Lingering inequalities in coverage
As detailed in the prior section, equity gaps persist in crucial coverage indicators. For the majority of these indicators, wealthier and urban households exhibit higher coverage than their poorer and rural counterparts, particularly for accessing more advanced forms of intrapartum care. Also, there is substantial variation in coverage based on factors like maternal education. Even within the cluster of states with higher mortality rates, state-level differences in several key indicators are evident.

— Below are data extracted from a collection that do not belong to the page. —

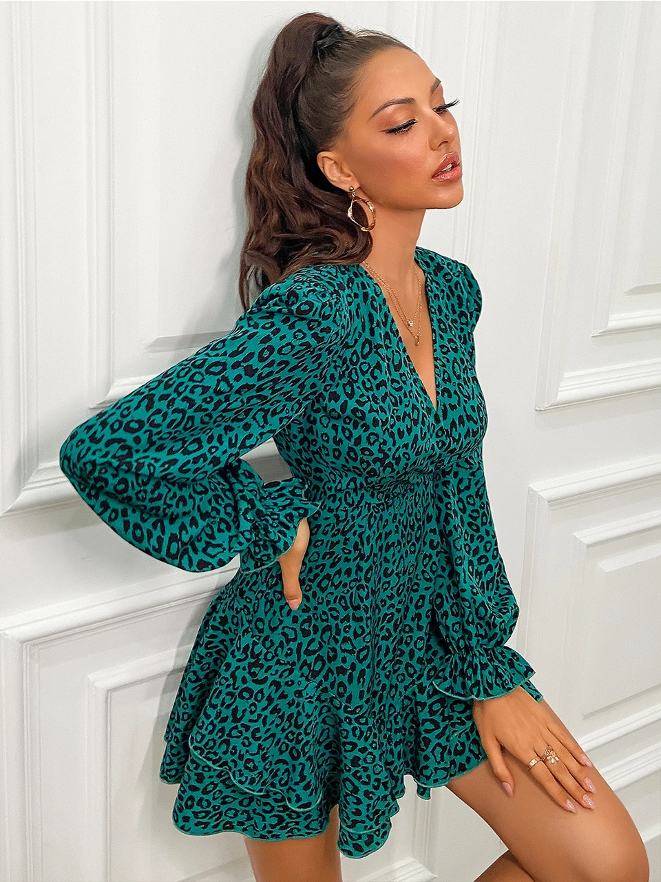 Cinemore Party Dress for Women Dress Womens Elegant Layered Ruffle Hem Leopard Sexy Dress Womens Summer Dress 2022 MM1458-JM
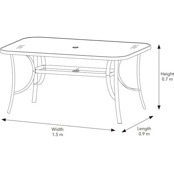 | Product Dimensions | Dining Table: H 70cm x W 150cm x L 90cmChair: H 98cm x W 55cm x D 74cmFootstools: H 34cm x W 43cm x D 49cmSide Table: H 46cm x Dia. 51cmParasol: H 230cm x Dia. 236-245cm |
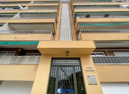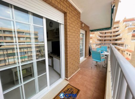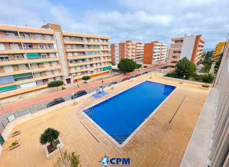 Located on the fourth floor with lift access, this attractive apartment is set within the sought-after Edificio Holanda on Avenida de las Olas in Punta Prima, one of the most desirable coastal areas. Positioned on the beach side of Punta Prima, the property is just a five-minute walk from the sea and benefits from access to a large communal swimming pool within the complex. A wide selection of amenities, including shops, bars, restaurants, and everyday services, are all within easy walking distance. The apartment opens into an entrance hallway leading through to a bright living room. From here, there is access to a private balcony overlooking the communal swimming pool, offering a pleasant space to relax and enjoy the outlook. The property also comprises two well-proportioned bedrooms and a family bathroom, all arranged for practical and comfortable living.Thanks to its excellent location, lift access, proximity to the beach, and nearby amenities, this apartment is ideal as a holiday home, rental investment, or permanent residence.
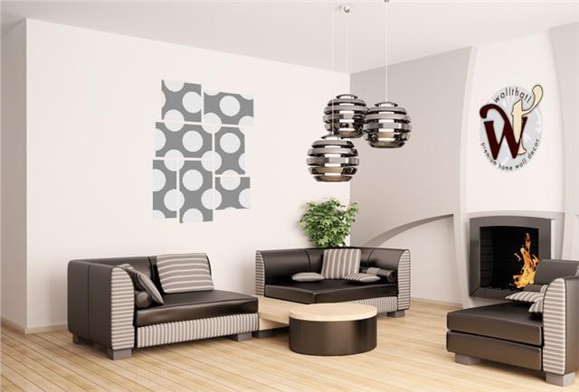 Kearas Polka Dots Whtie On Gray - 7 Piece Fabric Peel and Stick Wall Skin Art (50x38 inches)
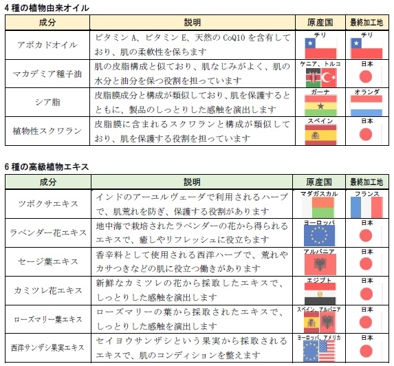 原産国・最終加工地まで追求した、天然成分のみを使用しています。
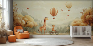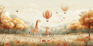 Transform your child's room with our Giraffe and Bear Friendship Adventure wallpaper mural. This cute design shows a bear happily riding a bicycle with a cheerful giraffe. They are surrounded by drifting hot air balloons and heart-shaped details. This mural brings warmth, friendship, and imagination to any room. It features a peaceful scene of fall leaves and soft, rolling hills.
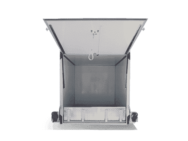 - Seitenwände und Dach aus Mehrschichtholz 14 mm stark mit GFK-Beschichtung
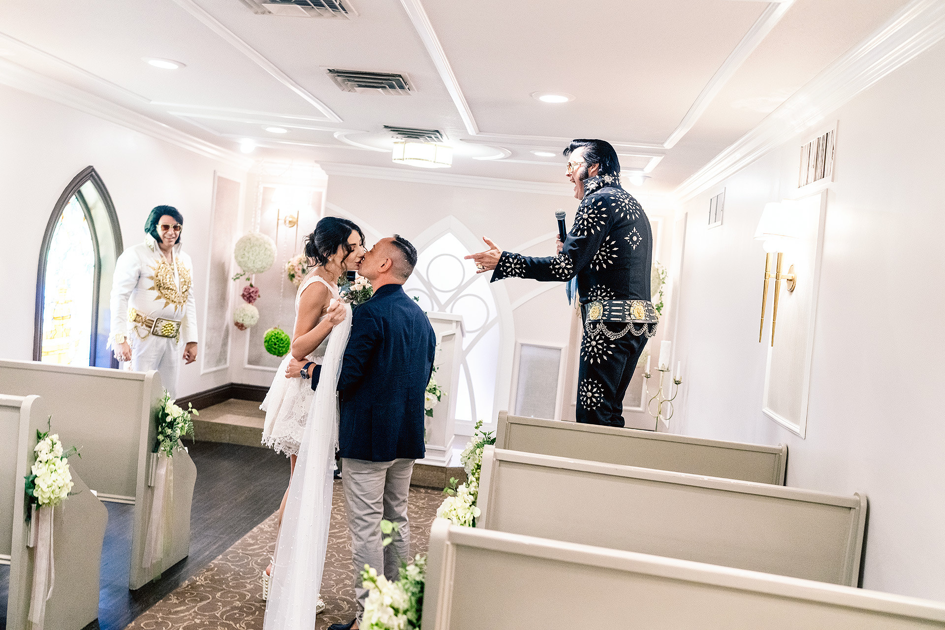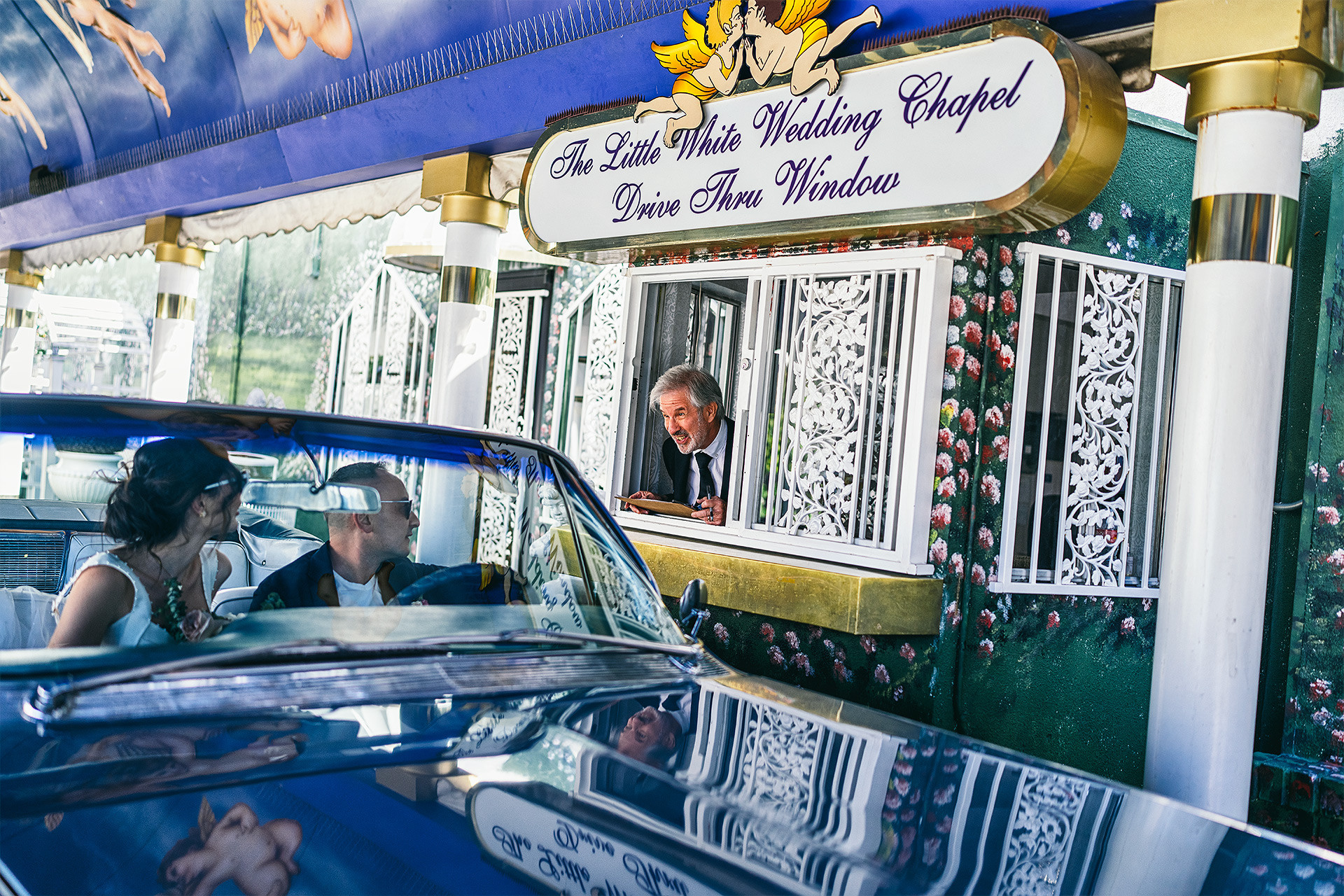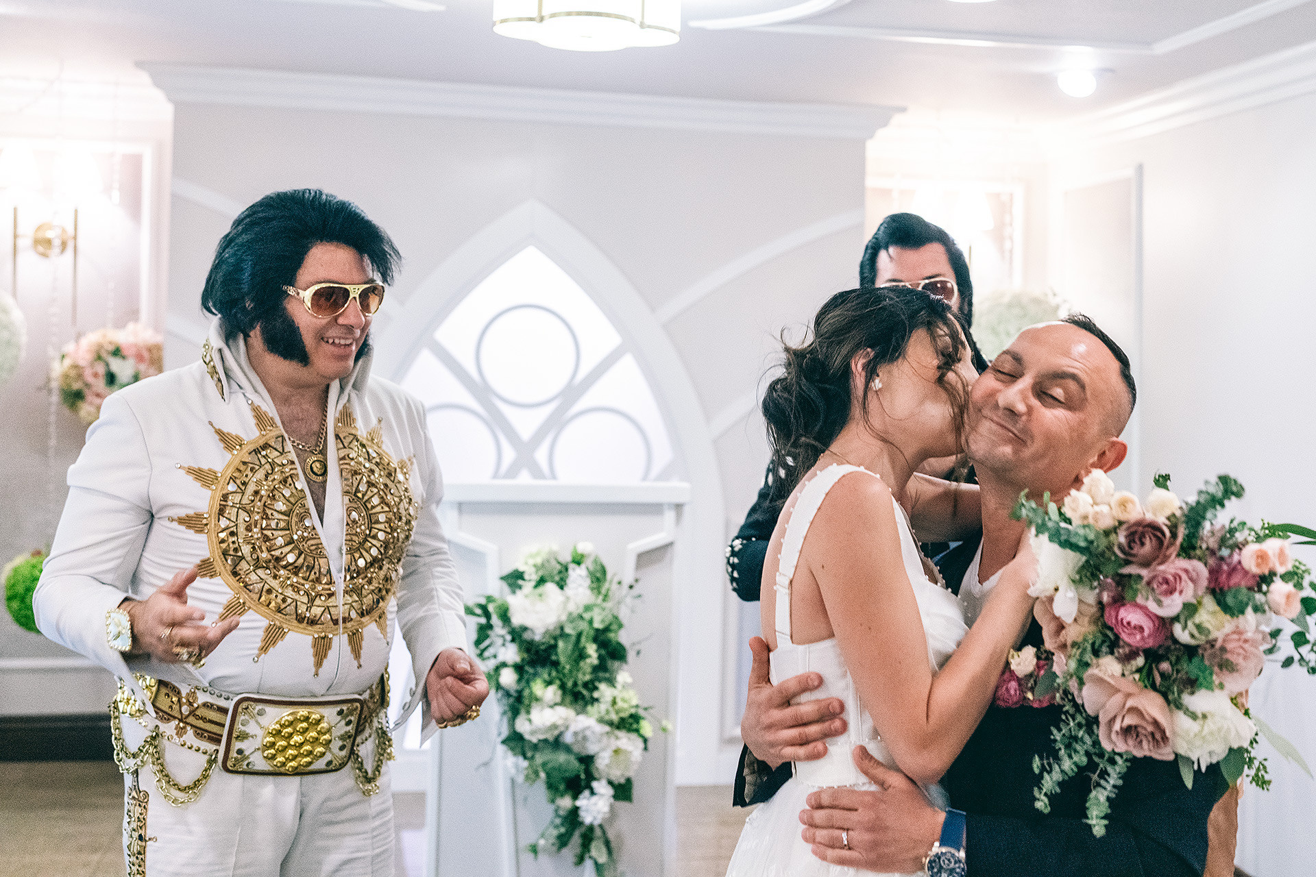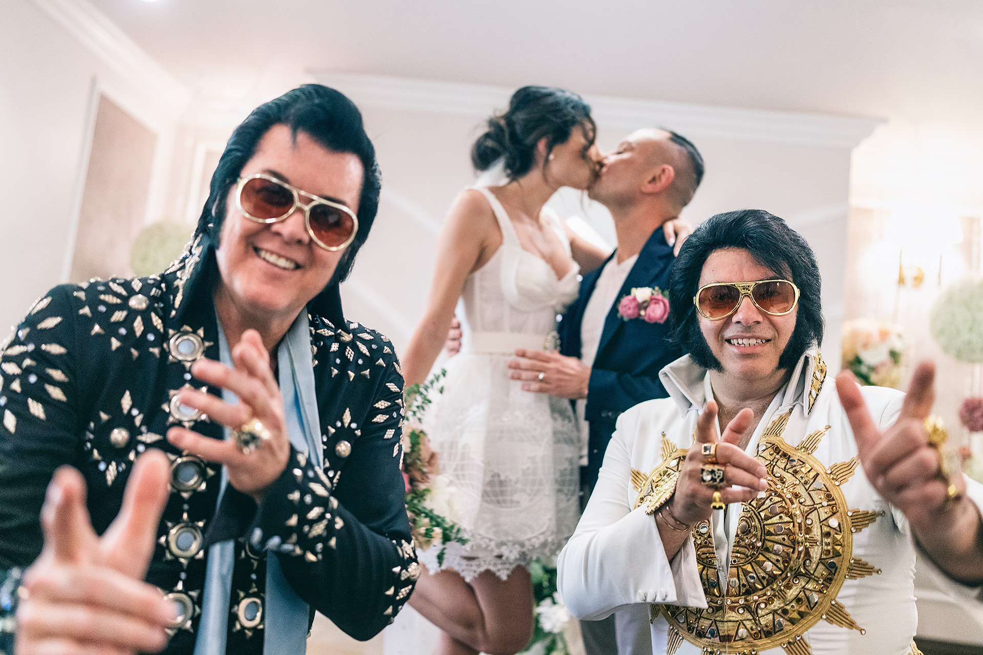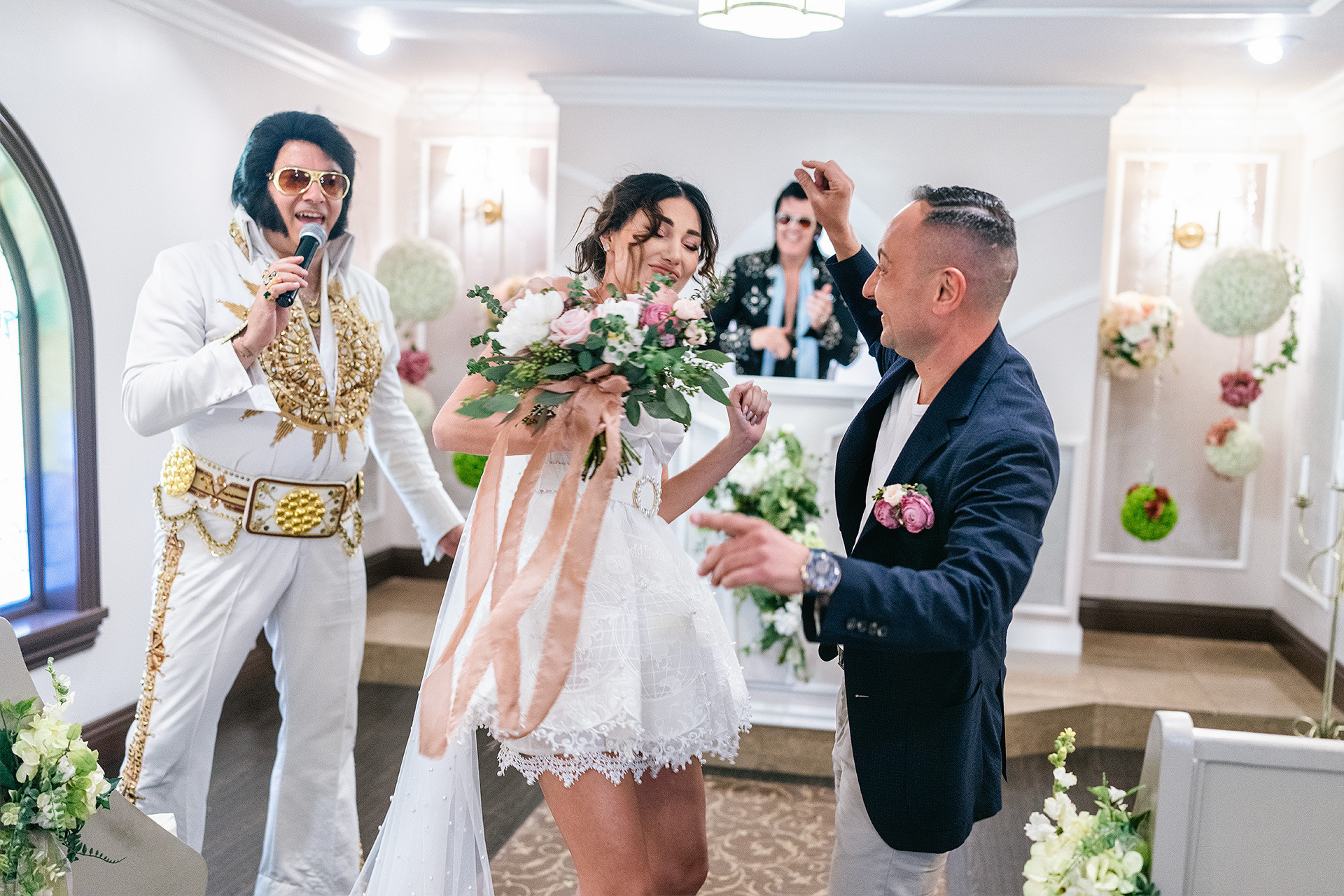 A drive-thru ceremony in a vintage convertible and a tiny chapel with two Elvis impersonators — pure joyful madness that perfectly reflected who they are.

Inequities in intervention coverage also translate to differences in neonatal mortality, as evidenced from an analysis of the 2019–2021 NFHS. This analysis found that neonatal mortality rate (NMR) was 1.6 times higher among the poorest tertile than the richest tertile—35.8 versus 22.3 neonatal deaths per 1,000 live births.1 Similarly, NMR in rural areas was 1.3 times higher than in urban areas at 32.6 versus 24.9 neonatal deaths per 1,000 live births.1
National-level pro-poor and pro-rural policies, in tandem with state-specific initiatives in the higher mortality state cluster, have contributed to the mortality reductions observed, particularly in poorer and more rural communities. However, these gaps persist and are wider in the higher mortality state cluster than in the lower mortality state cluster, which may in part be related to ongoing discrepancies in the quality of care they receive. Tracking and reduction of these gaps will be key as the higher mortality state cluster seeks to further reduce mortality and advance to the next phases of the integrated mortality transition framework.
Place of delivery
Although the higher mortality state cluster has experienced a rapid increase in institutional delivery, a substantial portion of these deliveries occur outside of hospital settings. As of the 2019–2021 NFHS, 59.3%, 55.4%, 57.9%, and 51.8% of institutional deliveries in Madhya Pradesh, Odisha, Rajasthan, and Uttar Pradesh respectively occurred in lower-level health facilities.1 In contrast, in the lower mortality Exemplar states of Maharashtra and Tamil Nadu, only 18.9% and 19.2% of institutional deliveries respectively occurred in lower-level health facilities.1
Although the higher mortality state cluster, and especially the higher mortality Exemplar states, have taken substantial measures to improve the quality of care at lower-level health facilities, the integrated maternal transition framework suggests that a continued shift toward hospital-based delivery is a key element of sustained mortality reduction and progression to phase IV. The integrated mortality transition framework analysis found that among phase III countries, the median hospital delivery rate was 48.2% but by phase IV this had increased to 72.8%.2 This suggests that continued efforts to improve quality of care—including shifts in types of facilities women are delivering in—will be key for the higher mortality state cluster.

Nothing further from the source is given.